» **EXERCISE OBJECTIVE**: Your answer should hold exactly the lines below from the line with "Za ogromny wkład" through the line with "Creating a total", both included, and no pictures at all.

*** RECORDS SHOWN ***

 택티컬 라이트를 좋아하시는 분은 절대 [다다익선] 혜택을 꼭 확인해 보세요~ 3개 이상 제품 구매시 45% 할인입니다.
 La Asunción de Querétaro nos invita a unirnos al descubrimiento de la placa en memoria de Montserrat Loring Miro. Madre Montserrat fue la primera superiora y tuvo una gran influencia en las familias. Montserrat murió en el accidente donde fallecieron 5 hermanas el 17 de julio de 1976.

*** End of RECORDS SHOWN ***
*** RECORDS SHOWN ***

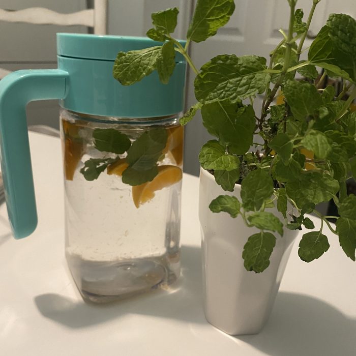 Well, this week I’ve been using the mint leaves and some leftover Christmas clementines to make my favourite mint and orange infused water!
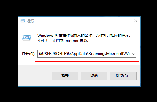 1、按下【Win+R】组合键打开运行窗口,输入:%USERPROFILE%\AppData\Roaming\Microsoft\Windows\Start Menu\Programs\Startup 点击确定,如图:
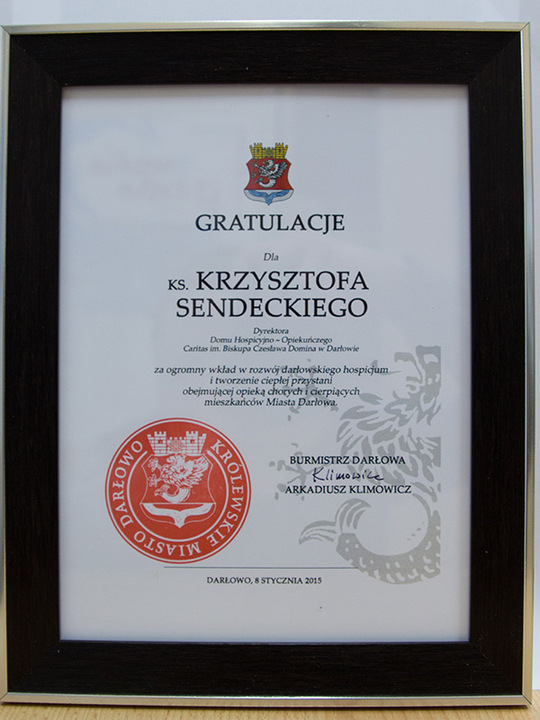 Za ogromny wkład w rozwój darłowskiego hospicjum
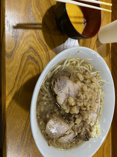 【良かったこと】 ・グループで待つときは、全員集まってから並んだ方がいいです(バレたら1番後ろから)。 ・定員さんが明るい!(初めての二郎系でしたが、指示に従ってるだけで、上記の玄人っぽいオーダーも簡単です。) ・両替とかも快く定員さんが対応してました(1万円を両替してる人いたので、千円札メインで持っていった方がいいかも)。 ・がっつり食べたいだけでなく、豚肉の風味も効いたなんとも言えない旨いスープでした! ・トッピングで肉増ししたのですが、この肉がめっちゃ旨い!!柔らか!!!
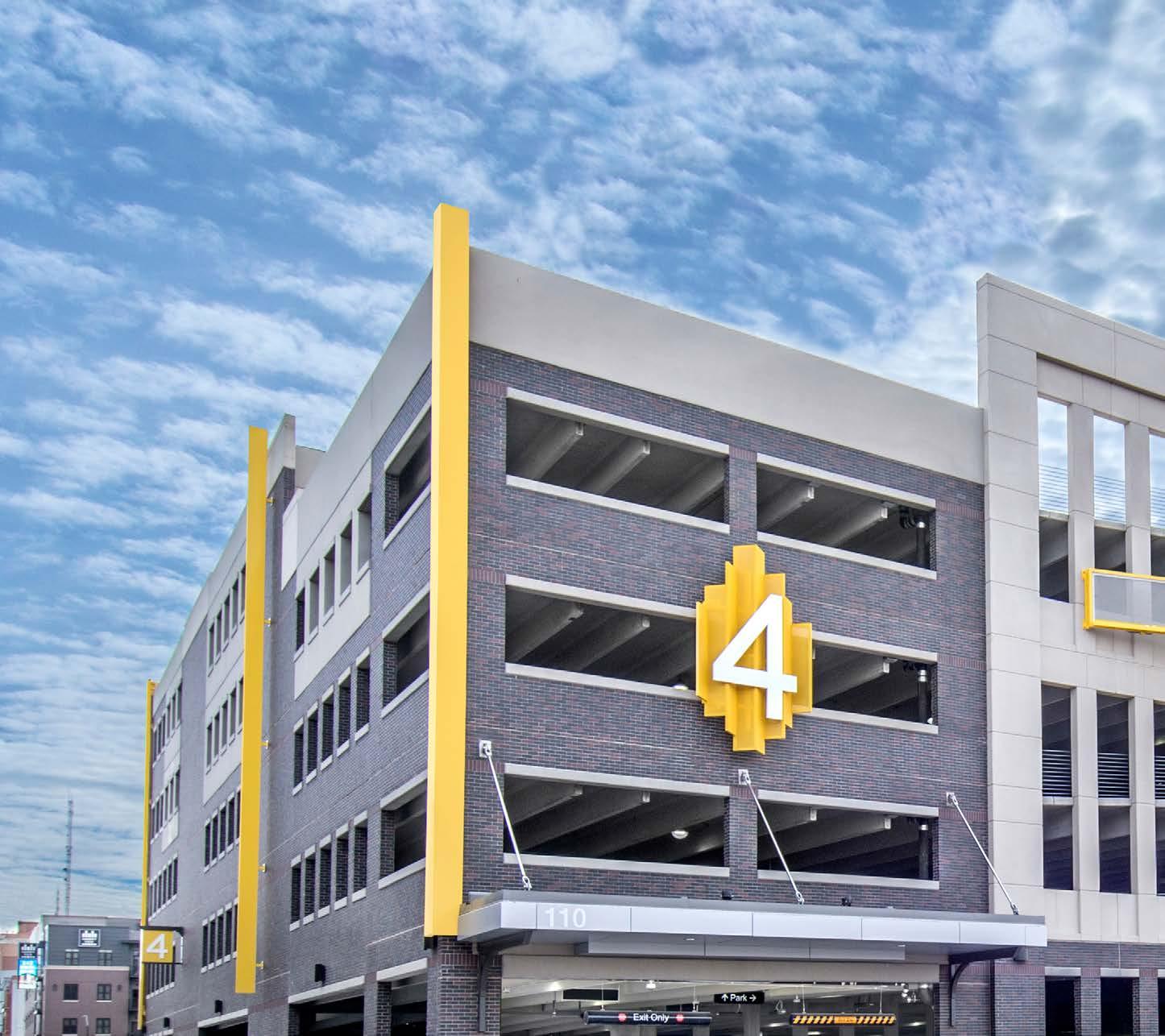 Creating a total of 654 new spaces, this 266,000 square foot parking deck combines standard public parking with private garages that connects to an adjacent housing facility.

*** End of RECORDS SHOWN ***
*** RECORDS SHOWN ***

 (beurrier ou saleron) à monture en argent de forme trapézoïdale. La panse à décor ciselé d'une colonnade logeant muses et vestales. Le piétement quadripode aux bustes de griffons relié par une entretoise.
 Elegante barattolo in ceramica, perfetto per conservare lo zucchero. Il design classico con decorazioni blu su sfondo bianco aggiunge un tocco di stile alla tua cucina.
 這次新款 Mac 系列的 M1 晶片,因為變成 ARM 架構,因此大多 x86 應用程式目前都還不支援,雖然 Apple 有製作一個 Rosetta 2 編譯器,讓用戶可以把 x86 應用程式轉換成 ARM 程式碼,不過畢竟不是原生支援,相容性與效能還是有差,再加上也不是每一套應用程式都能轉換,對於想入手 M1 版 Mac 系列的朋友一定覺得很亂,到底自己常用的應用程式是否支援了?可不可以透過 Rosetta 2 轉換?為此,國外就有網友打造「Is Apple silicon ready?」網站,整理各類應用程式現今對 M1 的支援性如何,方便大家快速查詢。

*** End of RECORDS SHOWN ***

» **EXERCISE RESPONSE**:
 Za ogromny wkład w rozwój darłowskiego hospicjum
 【良かったこと】 ・グループで待つときは、全員集まってから並んだ方がいいです(バレたら1番後ろから)。 ・定員さんが明るい!(初めての二郎系でしたが、指示に従ってるだけで、上記の玄人っぽいオーダーも簡単です。) ・両替とかも快く定員さんが対応してました(1万円を両替してる人いたので、千円札メインで持っていった方がいいかも)。 ・がっつり食べたいだけでなく、豚肉の風味も効いたなんとも言えない旨いスープでした! ・トッピングで肉増ししたのですが、この肉がめっちゃ旨い!!柔らか!!!
 Creating a total of 654 new spaces, this 266,000 square foot parking deck combines standard public parking with private garages that connects to an adjacent housing facility.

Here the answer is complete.